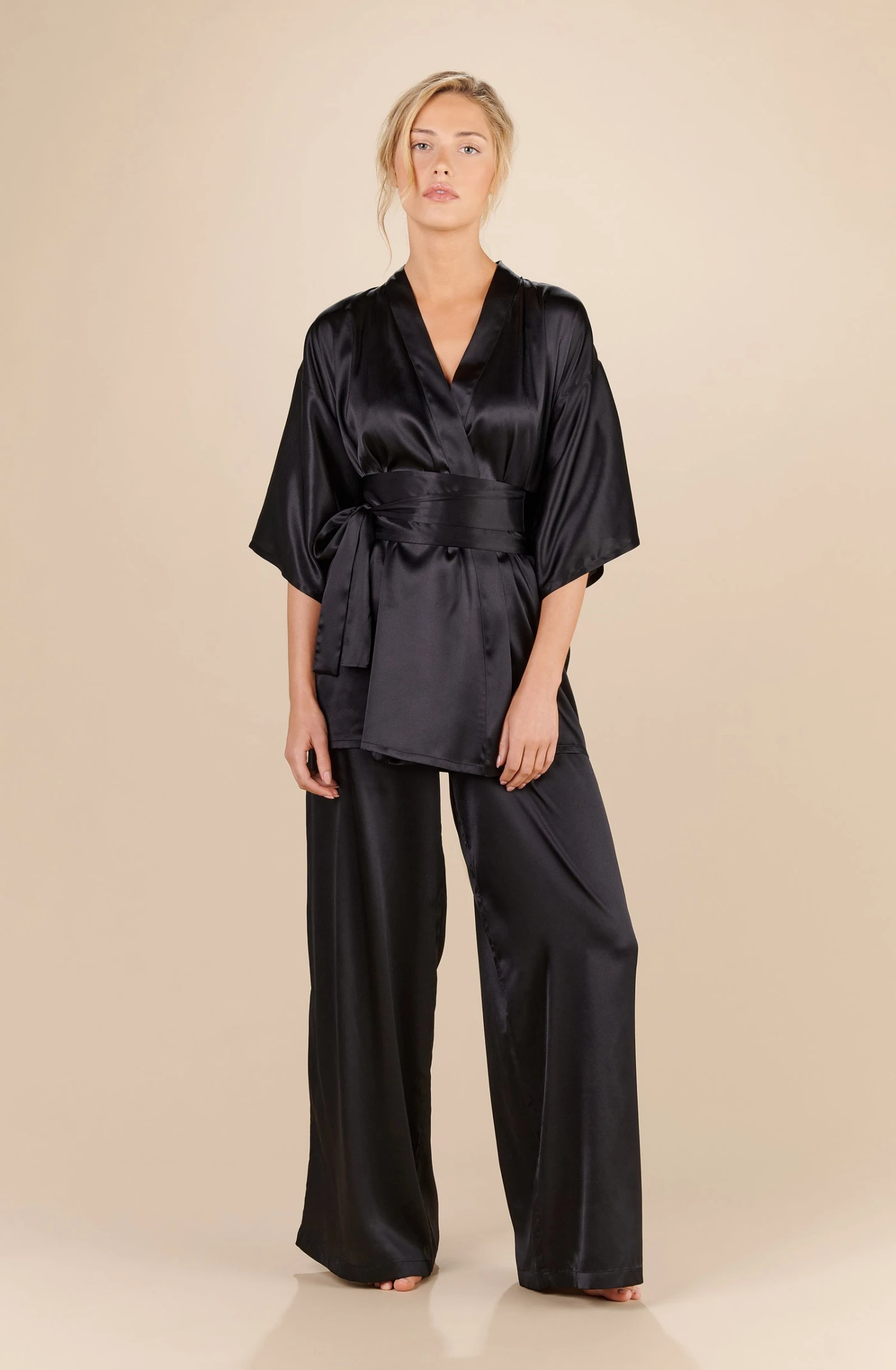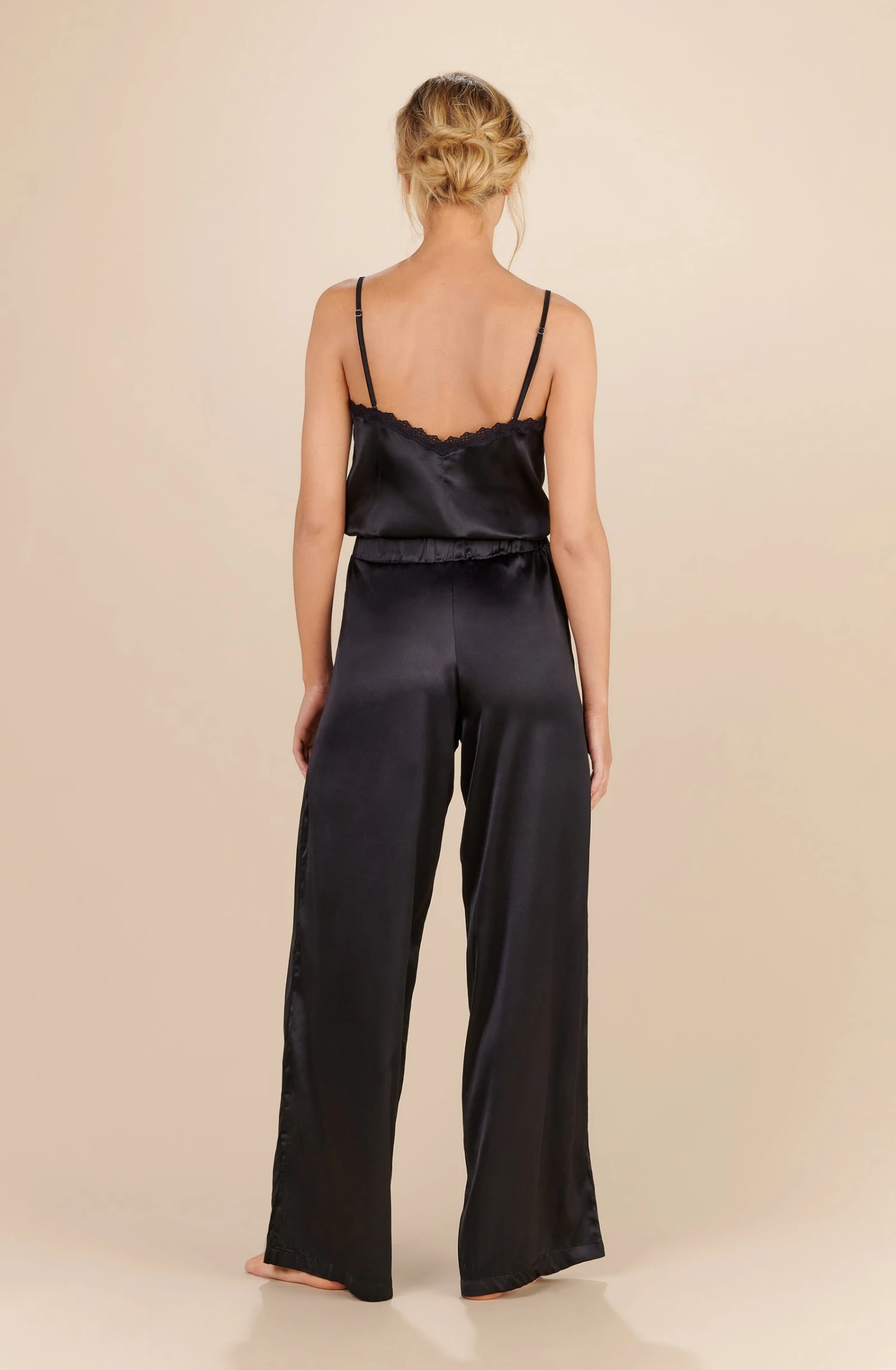 Pour se parer de soie noire, le pantalon TOM se marie avec le caraco ELFY et le kimono à nouer DELILA. La fluide viscose du top à bretelles NAHRA noir est aussi élégante que confortable. Pour jouer des matières et des coloris, le tulle chair du soutien-gorge AIMEE et du shorty DESIREE révèle en toute discrétion de délicates broderies sur des nuances marines.
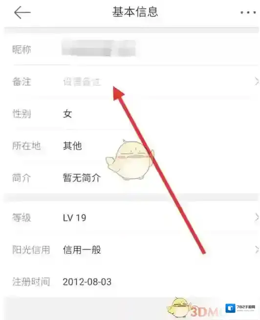 6、进入好友基本信息后,我们就点击昵称下面的备注,就可以进行添加或修改了,如图所示,
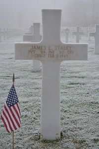 Pvt James E. Staley attended high school for two years and was a welder employed by Whitehead & Kales Company in River Rouge, Michigan, before he enlisted at Fort Hayes, Ohio on 1 September 1944.He was married to Juanita Hardy on 5 July 1941.
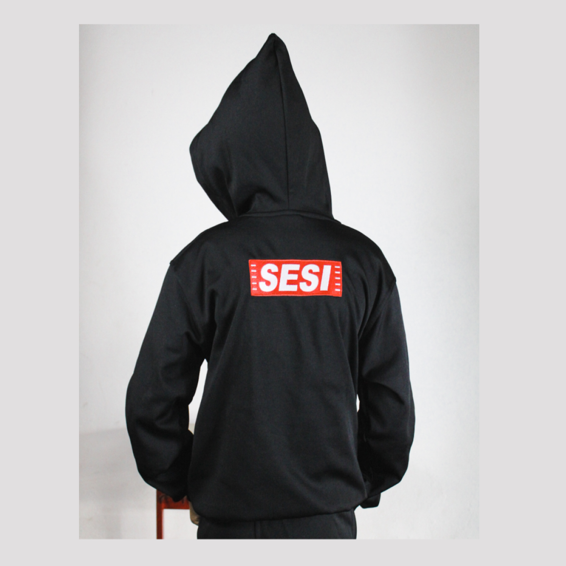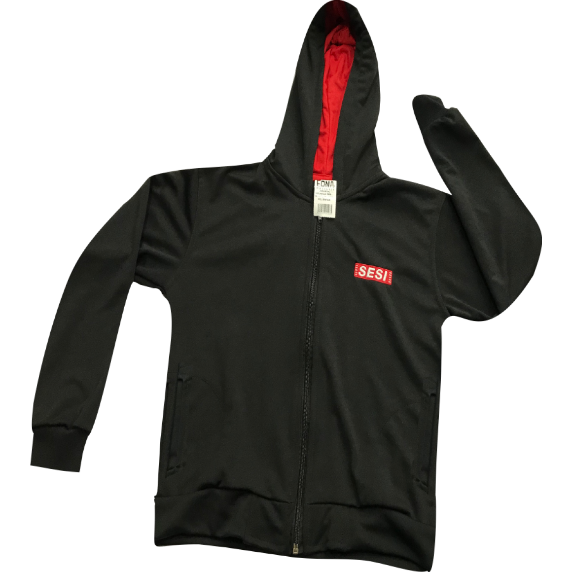 Jaqueta Helanca SESI Infantil, 100% Poliéster. Cor Preta com Bolso lateral e Capuz.
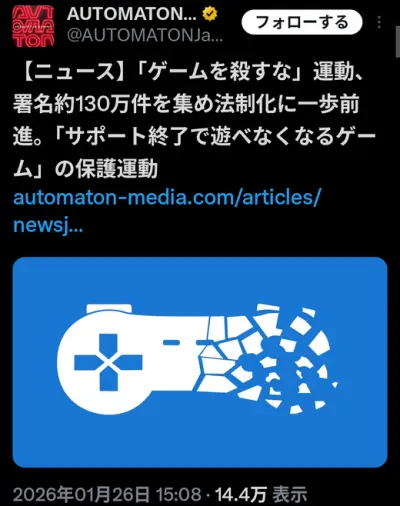 「サ終のゲームをせめてオフライン化しろ」と海外で署名が広がる
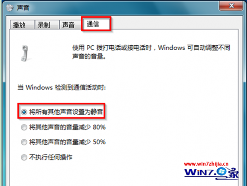 2、在弹出来的声音窗口中,切换到“通信”选项卡下,然后用户可以根据自己的需要来点选“将所有其他声音设置为静音”或者“将其他声音的音量减少80%”或者“将其他声音的音量减少50%”,选择好在之后就点击确定保存退出即可;
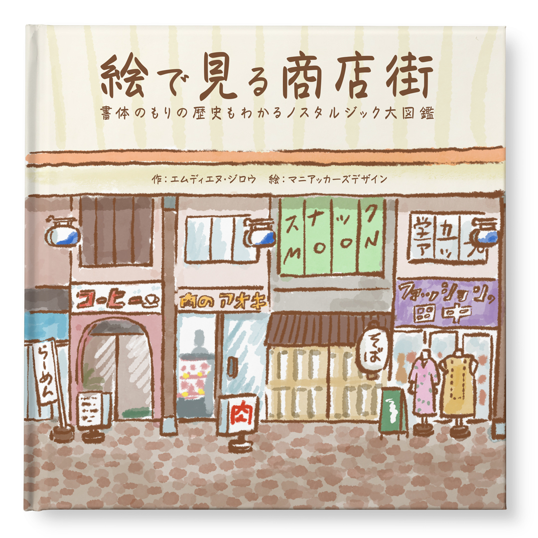 作例は商店街の歴史を題材とした絵本の表紙で、素朴なタッチのイラストにぺんぱるの文字を組み合わせて優しい温かみを表現しています。ぺんぱるは読者に親しみやすさを感じてもらうためにはとても効果的なフォントです。
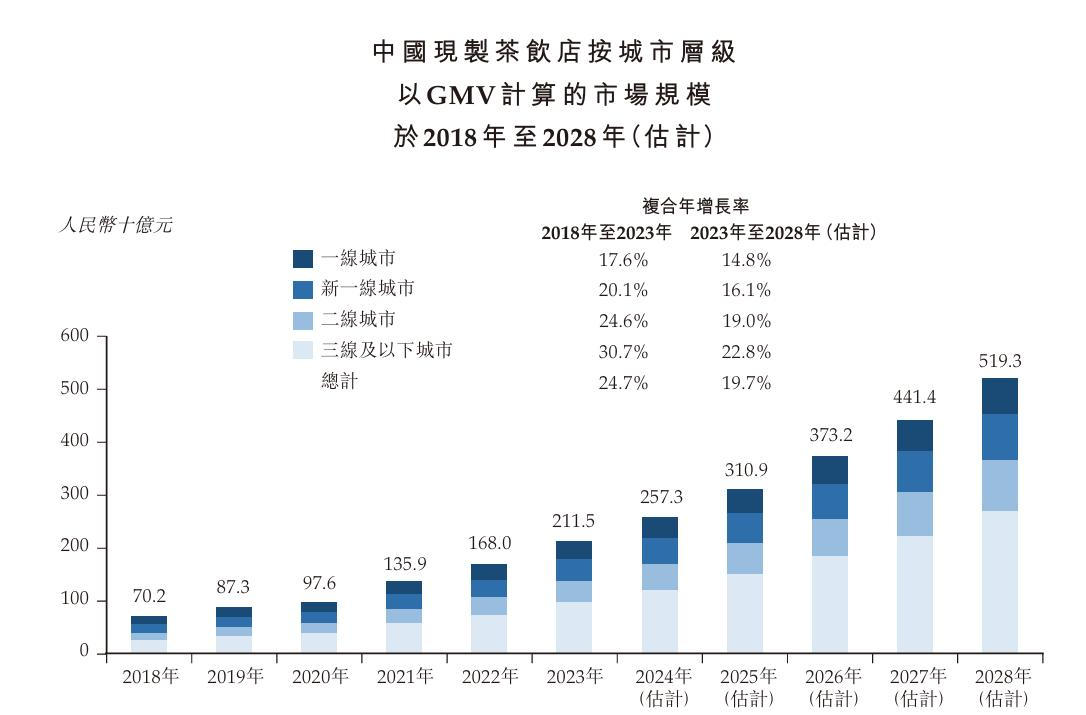灼識咨詢資料顯示,雖然2024年中國現制茶飲店行業及現磨咖啡市場增速有所放緩,但國民對個性化及多元化消費的需求穩步上升。其中,三線及以下城市人口多、消費需求大,2023年的GMV約占中國現制茶飲店市場的45.4%。
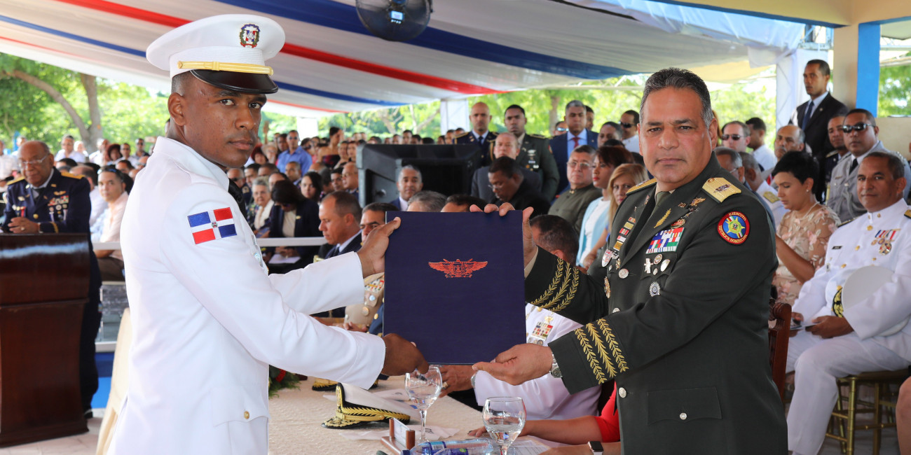 Ministro de Defensa, teniente general Rubén D. Paulino Sem, junto a uno de los graduandos.

-------

Please give again the entries word for word, starting at the first line and ending with the line that contains "灼識咨詢資料顯示,雖然202"; include both of those lines but none of the pictures.

Solution to this problem
 Pour se parer de soie noire, le pantalon TOM se marie avec le caraco ELFY et le kimono à nouer DELILA. La fluide viscose du top à bretelles NAHRA noir est aussi élégante que confortable. Pour jouer des matières et des coloris, le tulle chair du soutien-gorge AIMEE et du shorty DESIREE révèle en toute discrétion de délicates broderies sur des nuances marines.
 6、进入好友基本信息后,我们就点击昵称下面的备注,就可以进行添加或修改了,如图所示,
 Pvt James E. Staley attended high school for two years and was a welder employed by Whitehead & Kales Company in River Rouge, Michigan, before he enlisted at Fort Hayes, Ohio on 1 September 1944.He was married to Juanita Hardy on 5 July 1941.
 Jaqueta Helanca SESI Infantil, 100% Poliéster. Cor Preta com Bolso lateral e Capuz.
 「サ終のゲームをせめてオフライン化しろ」と海外で署名が広がる
 2、在弹出来的声音窗口中,切换到“通信”选项卡下,然后用户可以根据自己的需要来点选“将所有其他声音设置为静音”或者“将其他声音的音量减少80%”或者“将其他声音的音量减少50%”,选择好在之后就点击确定保存退出即可;
 作例は商店街の歴史を題材とした絵本の表紙で、素朴なタッチのイラストにぺんぱるの文字を組み合わせて優しい温かみを表現しています。ぺんぱるは読者に親しみやすさを感じてもらうためにはとても効果的なフォントです。
灼識咨詢資料顯示,雖然2024年中國現制茶飲店行業及現磨咖啡市場增速有所放緩,但國民對個性化及多元化消費的需求穩步上升。其中,三線及以下城市人口多、消費需求大,2023年的GMV約占中國現制茶飲店市場的45.4%。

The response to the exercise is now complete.